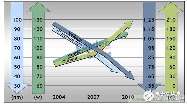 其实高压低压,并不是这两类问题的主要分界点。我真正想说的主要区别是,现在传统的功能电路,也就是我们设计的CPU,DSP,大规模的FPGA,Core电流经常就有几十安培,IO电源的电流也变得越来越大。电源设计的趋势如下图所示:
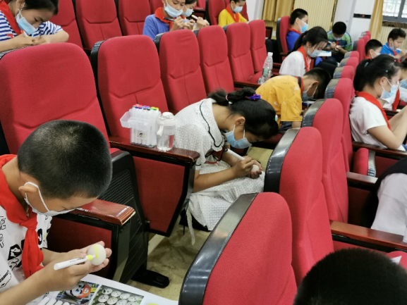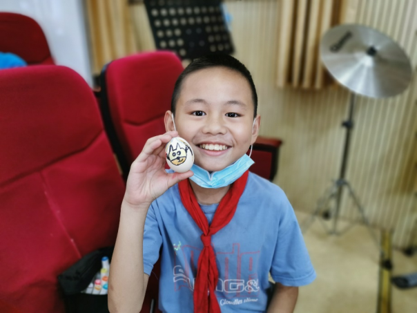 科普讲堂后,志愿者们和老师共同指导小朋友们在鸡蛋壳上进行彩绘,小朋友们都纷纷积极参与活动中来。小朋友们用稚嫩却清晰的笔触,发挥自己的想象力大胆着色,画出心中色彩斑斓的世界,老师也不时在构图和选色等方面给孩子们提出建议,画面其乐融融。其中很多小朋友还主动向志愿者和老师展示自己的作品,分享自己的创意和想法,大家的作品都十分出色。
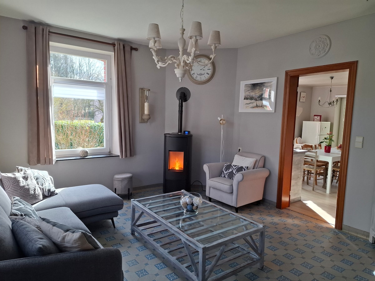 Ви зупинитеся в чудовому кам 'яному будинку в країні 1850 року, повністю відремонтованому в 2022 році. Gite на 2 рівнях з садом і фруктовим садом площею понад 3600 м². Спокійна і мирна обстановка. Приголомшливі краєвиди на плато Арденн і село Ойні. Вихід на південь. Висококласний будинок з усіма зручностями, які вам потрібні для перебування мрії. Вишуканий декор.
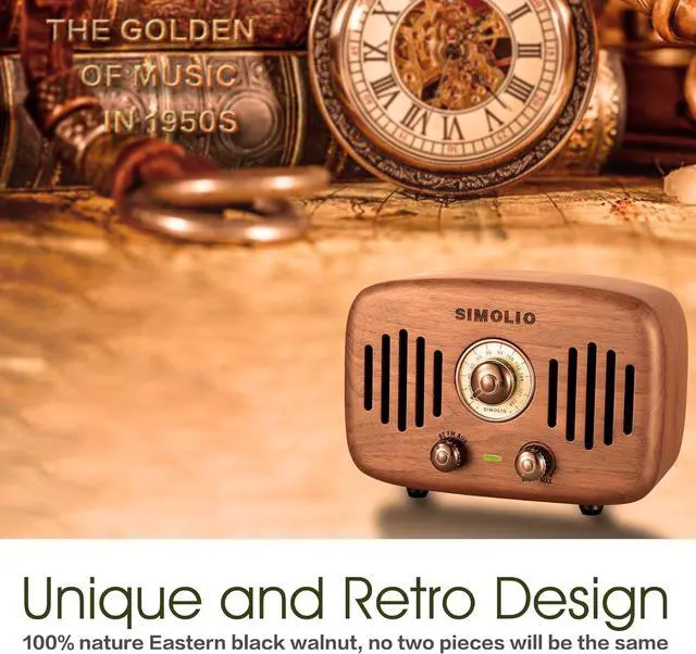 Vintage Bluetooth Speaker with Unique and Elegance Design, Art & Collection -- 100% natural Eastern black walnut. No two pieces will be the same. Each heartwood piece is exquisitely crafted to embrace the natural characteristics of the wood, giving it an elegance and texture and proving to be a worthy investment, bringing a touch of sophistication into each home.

### Your objective
Copy all the material word for word, minus its pictures.

### Solution to the problem
 其实高压低压,并不是这两类问题的主要分界点。我真正想说的主要区别是,现在传统的功能电路,也就是我们设计的CPU,DSP,大规模的FPGA,Core电流经常就有几十安培,IO电源的电流也变得越来越大。电源设计的趋势如下图所示:
 科普讲堂后,志愿者们和老师共同指导小朋友们在鸡蛋壳上进行彩绘,小朋友们都纷纷积极参与活动中来。小朋友们用稚嫩却清晰的笔触,发挥自己的想象力大胆着色,画出心中色彩斑斓的世界,老师也不时在构图和选色等方面给孩子们提出建议,画面其乐融融。其中很多小朋友还主动向志愿者和老师展示自己的作品,分享自己的创意和想法,大家的作品都十分出色。
 Ви зупинитеся в чудовому кам 'яному будинку в країні 1850 року, повністю відремонтованому в 2022 році. Gite на 2 рівнях з садом і фруктовим садом площею понад 3600 м². Спокійна і мирна обстановка. Приголомшливі краєвиди на плато Арденн і село Ойні. Вихід на південь. Висококласний будинок з усіма зручностями, які вам потрібні для перебування мрії. Вишуканий декор.
 Vintage Bluetooth Speaker with Unique and Elegance Design, Art & Collection -- 100% natural Eastern black walnut. No two pieces will be the same. Each heartwood piece is exquisitely crafted to embrace the natural characteristics of the wood, giving it an elegance and texture and proving to be a worthy investment, bringing a touch of sophistication into each home.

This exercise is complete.